This is a .NET Standard 2.0 Yandex Cloud API wrapper. There is not much stuff right now, because I only need SpeechKit. Nevertheless, wrapper architecture is versatile and can accomodate all cloud APIs.
All methods are asynchronous.
Only full account ([email protected]) authentication is currently supported. Service account token retrieval is more complicated and I don't have time to implement JWT token management for service accounts at this moment. Will appreciate the help with this.
Authorization works through IAuthorizer
interface. Right now there is only one implementation: FullAccountAuthorizer
. You use it with OAuth token as per docs: https://cloud.yandex.ru/docs/iam/operations/iam-token/create.
var fullAuthorizer = new FullAccountAuthorizer(_configuration["OAuthToken"]);
var speechKit = new SpeechKitApi(_fullAuthorizer, _configuration["FolderId"]);
Of course, you don't store your tokens in plain config. You should use .NET Core secrets. For example, read: https://cmatskas.com/configure-and-use-user-secrets-in-net-core-2-0-console-apps-in-development. ApiTest
project implements this approach.
Expect all meaningful API errors to be wrapped in ApiException
. Audio converter errors are wrapped in ConverterException
. Treat all other exceptions as unexpected.
The primary purpose of this wrapper is an ability to recognize and synthesize speech through SpeechKit API. Use SpeechKitApi
as your entry point.
For example, to recognize text from speech:
var speechKit = new SpeechKitApi(_fullAuthorizer, _configuration["FolderId"]);
string text = await speechKit.RecognizeTextAsync(data, AudioFormat.PCM);
To synthesize speech from text:
var speechKit = new SpeechKitApi(_fullAuthorizer, _configuration["FolderId"]);
var data = await speechKit.SynthesizeSpeechAsync(
text,
AudioFormat.PCM,
speed: 0.8f,
emotion: Emotion.Good);
// In this example *data* will contain raw PCM stream.
If you want to recognize a phrase with more than 7-10 words in it, you'll have to use OPUS encoding, as PCM data stream quickly grows over allowed 1 MB file size. OPUS turned out to be a real pain in the butt in .NET, so I ended up using opusec.exe
. Saving a temporary wav
file to disk and converting it to ogg
was the only reliable way to get the stream that SpeechKit doesn't nag at. Using stdin and stdout streams doesn't work reliably. Using https://github.com/lostromb/concentus.oggfile doesn't work. If you find a way to reliably encode OPUS on .NET without opusenc.exe
, I welcome your pull request.
OPUS encoding works only on Windows at this moment.
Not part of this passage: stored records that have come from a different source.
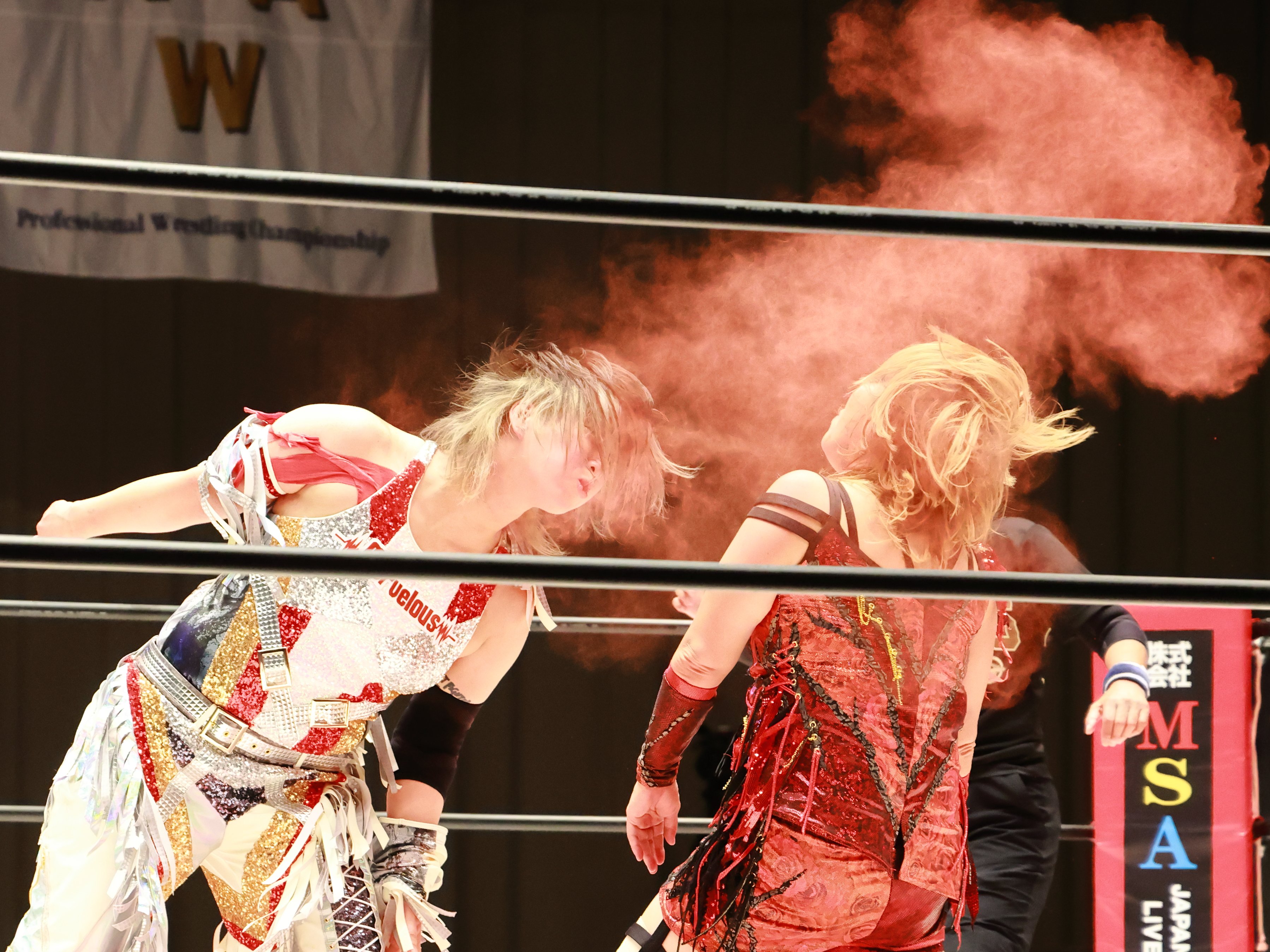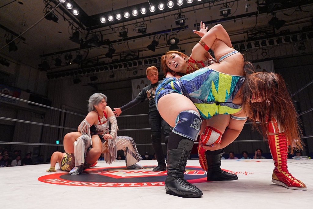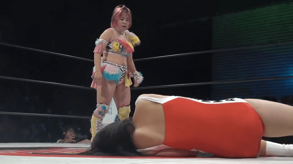 Takumi Iroha frustrates me. She has all the tools required to be an incredible Ace, but all too often, it feels like she’s holding back. It’s most evident in her tendency to slap her thigh rather than really punish people with those kicks, but it also shows elsewhere. She’s too cool (and protected) to convincingly play the underdog, but she also never seems to dominate people quite like I’d hope. I suspect it’s why my favourite matches of hers are often against other Marvelous wrestlers. Facing off with a Mio Momono or even an Ai Houzan, she feels comfortable enough to unleash. Yet, when you put her up against Mayumi Ozaki, setting her up to avenge Marvelous’s beatings, she doesn’t have the grit to make it feel definitive. Sadly for Sora Ayame, she had no such qualms when facing her.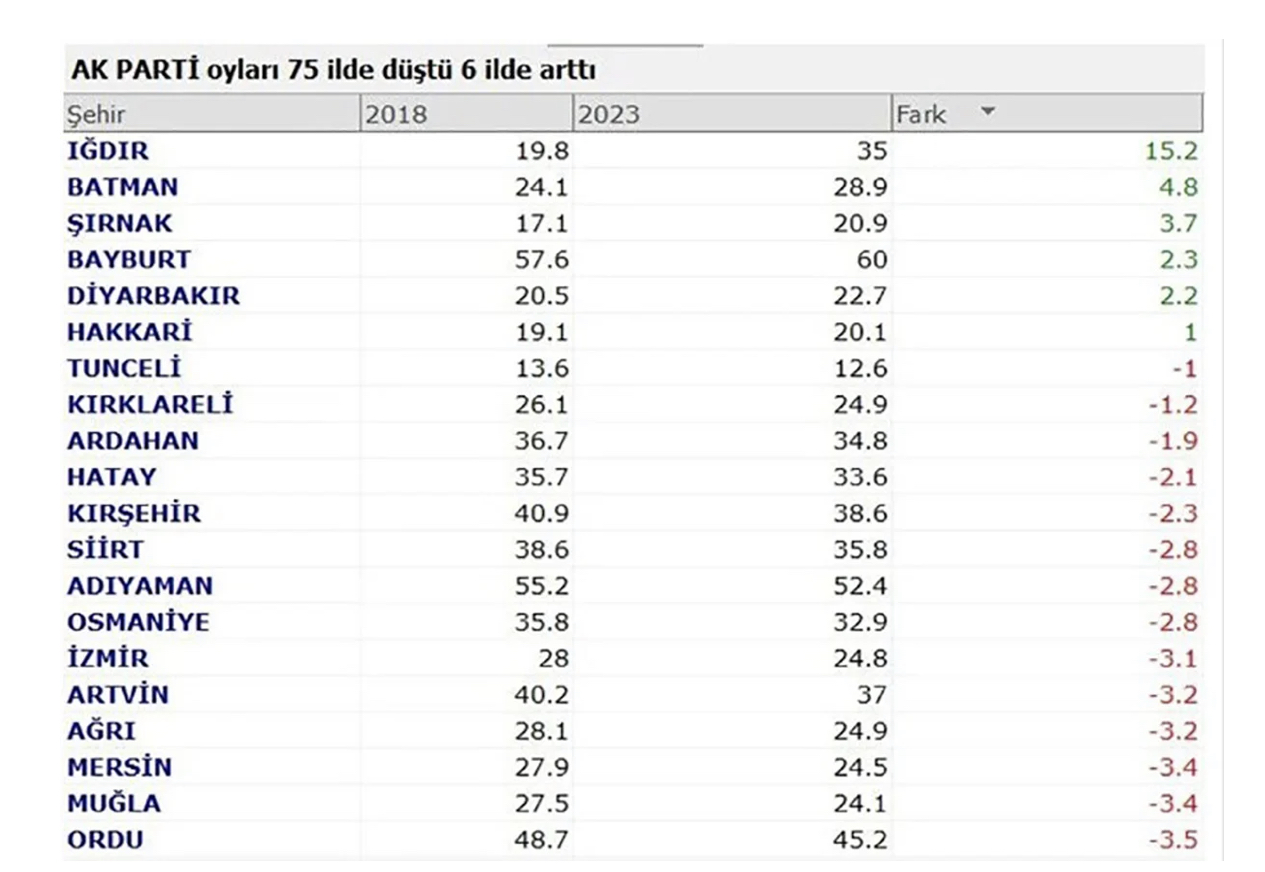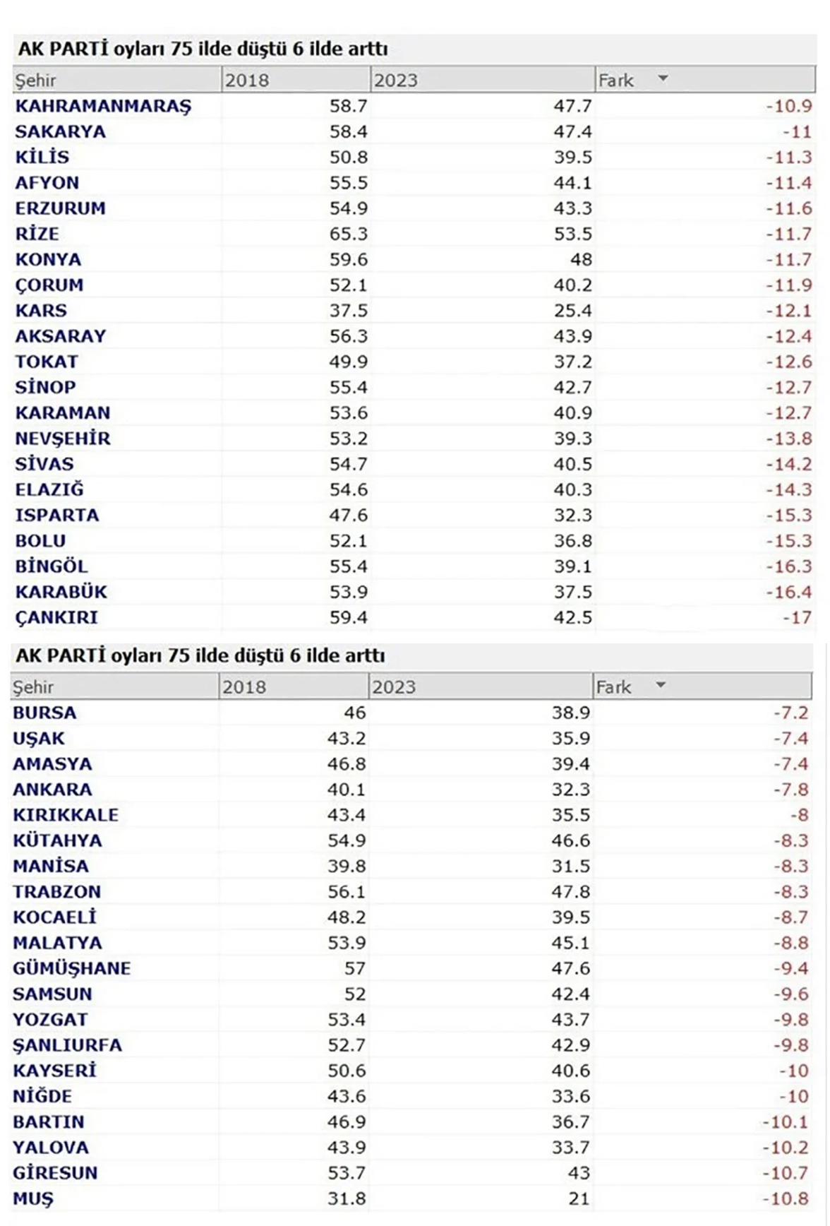 AK Parti’nin 75 ilde oyu düştü, sadece 6 ilde oyu arttı.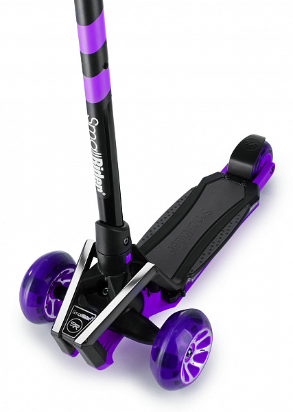 Самокат "Premium Pro" значительно меньше подвержен заваливанию благодаря своим мощным колесам, правильной балансировке и геометрии конструкции.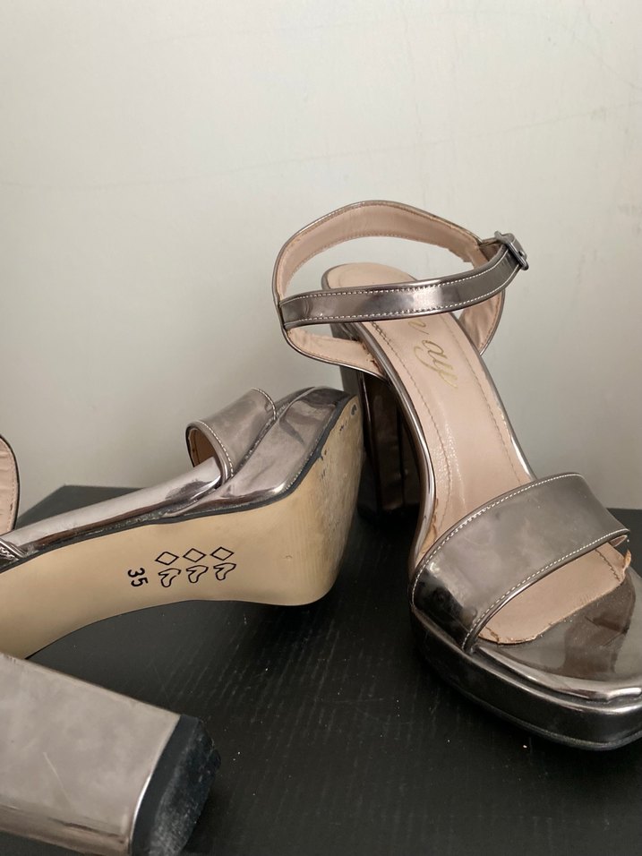 Gri platform topuklu ayakkabılar, metal görünümlü ve tokalı bantlıdır. Romantik akşamlar için klasik ve çağdaş bir şıklık sunar.

To encode raw PCM stream to OPUS, use AudioConverter
. It expects raw PCM stream without WAV header.
var oggData = await new AudioConverter().ConvertPcmToOpusAsync(data, waveIn.WaveFormat);
You can run ApiTest
with different commands to test different things. But first of all, you need to store your OAuth token and folder id to app secret storage.
Fire up the terminal and navigate to ApiTest
project folder. Then do:
# dotnet user-secrets set OAuthToken "<your token>"
# dotnet user-secrets set FolderId "<your folder id>"
Now you can build and run the app. To test speech recognition, do:
# ApiTest SpeechRecognition
To test speech synthesis, do:
# ApiTest TextToSpeech
There aren't any at the moment. The code is pretty simple and testing API methods would require a working Cloud account with active payment method. And someone would have to, well, pay for those tests.